Good Morning, Columbia! We’re so close to the light at the end of the tunnel (a.k.a the end of finals) with just three more days to go, Bwog believes in you…and your ability to procrastinate with today’s worldly updates. 

Bwogline: At least 3 individuals were killed yesterday after an Amtrak in Washington was derailed. All 12 carriages from the newly opened Amtrak route from Seattle to Portland were derailed, crumpling five cars and two trucks. President Trump tweeted about the incident, using it to defend submitted infrastructure plans. (NYT)

Study Tip: It’s the middle of December and if you’re still on campus the grey is probably getting you down. Invest in some highlighters or colors to jazz up your notes and make you a little less reluctant to look at them. Besides, stationary shopping is relaxing in itself.

Music: P!nk’s new album is perfect for accompanying the wide range of emotions you’re likely to be feeling from Butler. Also the music video for ‘Beautiful Trauma’ features Channing Tatum, just saying.

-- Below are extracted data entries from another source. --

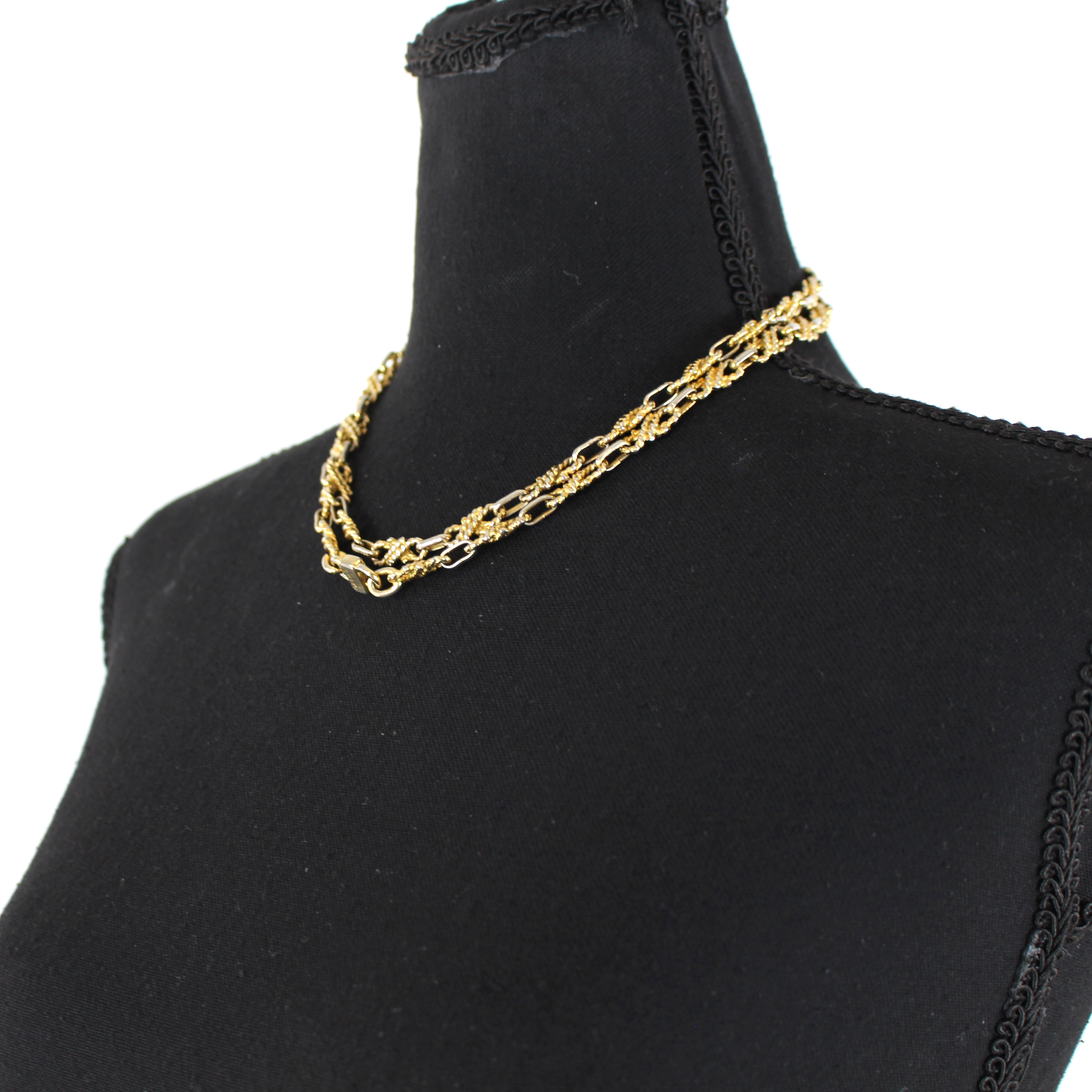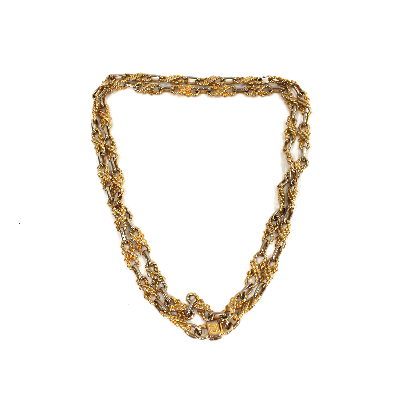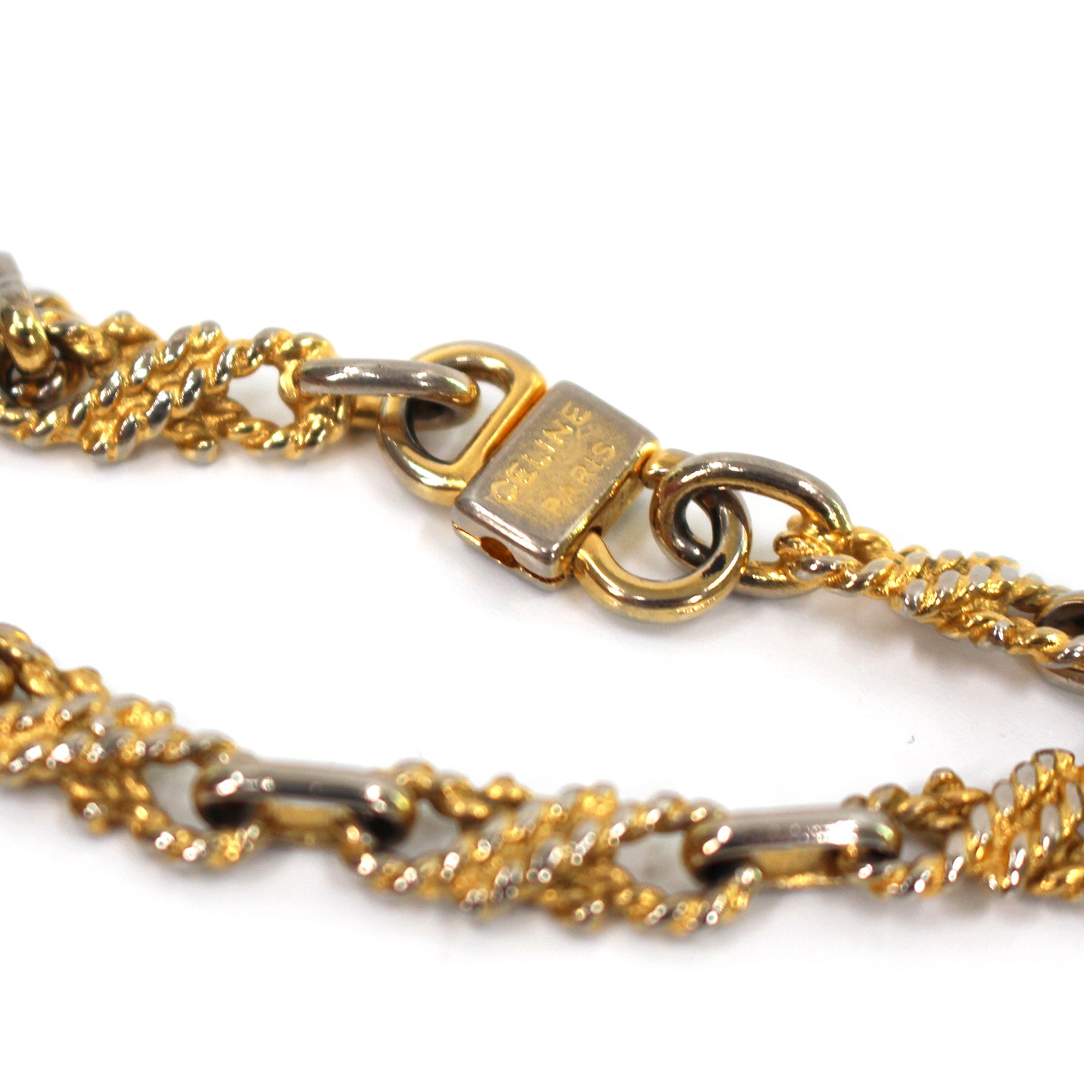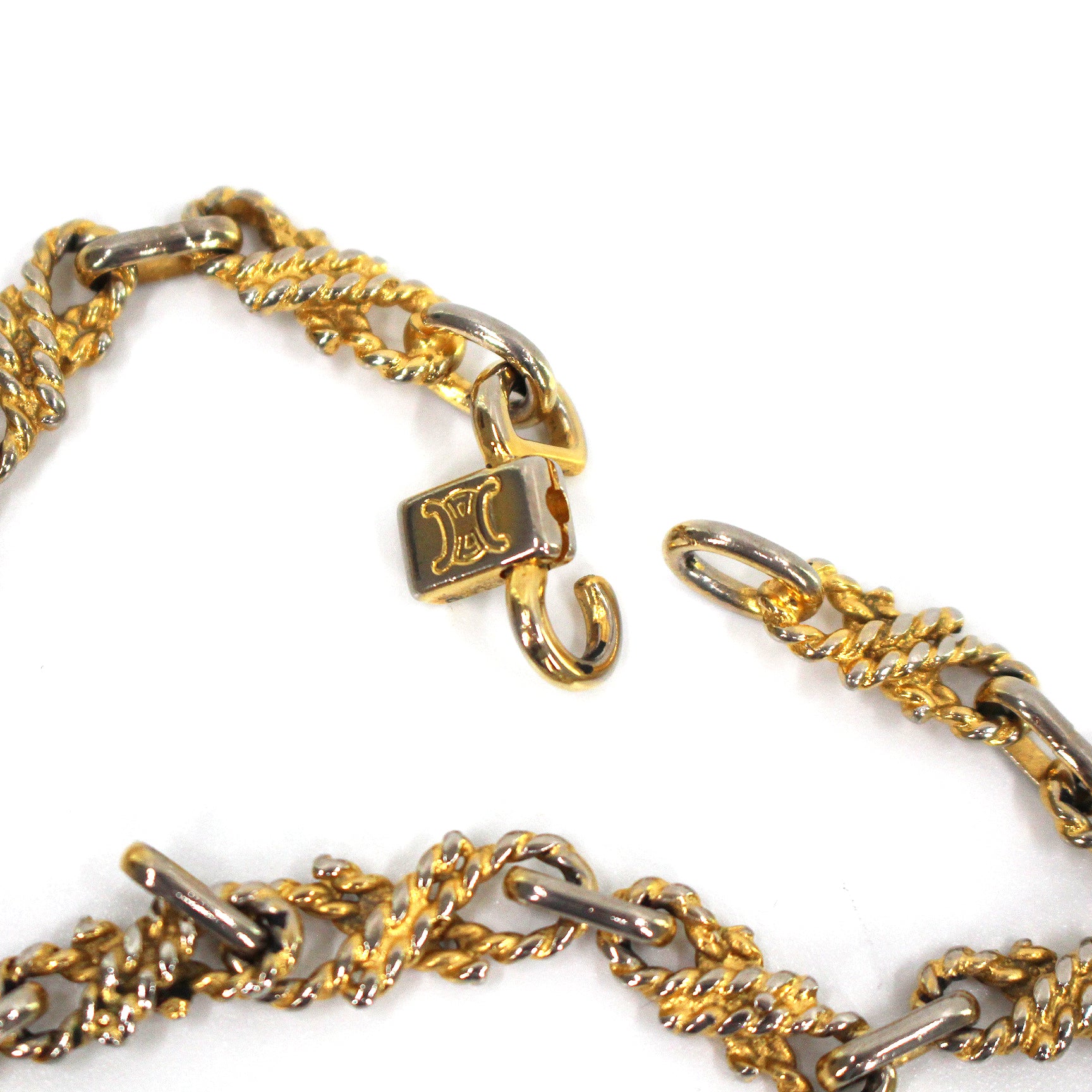 Celine Paris Vintage Gold Chainlink Long Triomphe Logo Necklace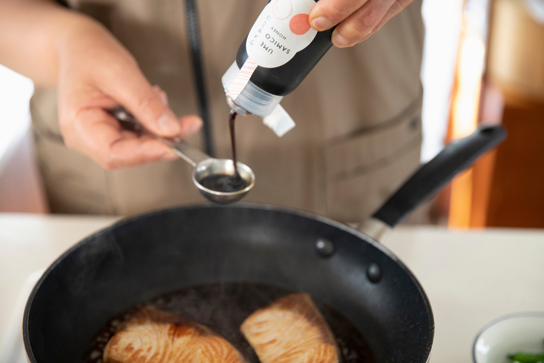 - 酒、しょう油、ウメサミコを加え、中火で加熱したまま、全体にたれを絡めます。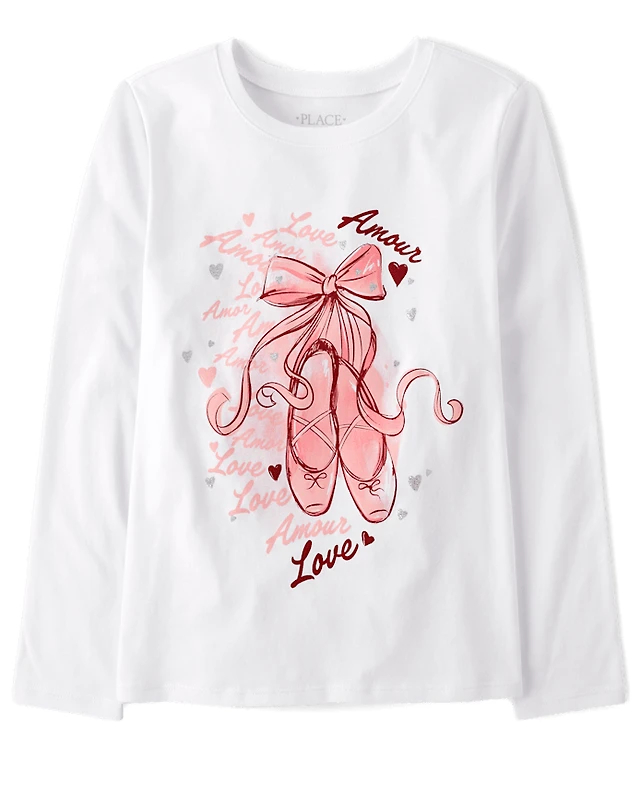 Girls' long-sleeve glitter polish graphic tee

Procrastination: Try some productive procrastination, and by that I mean there’s a strong probability of a Crash Course type video relating to your finals is on YouTube. Watch it. Then give yourself ten minutes to get lost within the weirder depths of YouTube while feeling good about yourself for having done something slightly productive.

Overheard: The people living above me (not God) keep throwing parties and I’m so close to hurting them.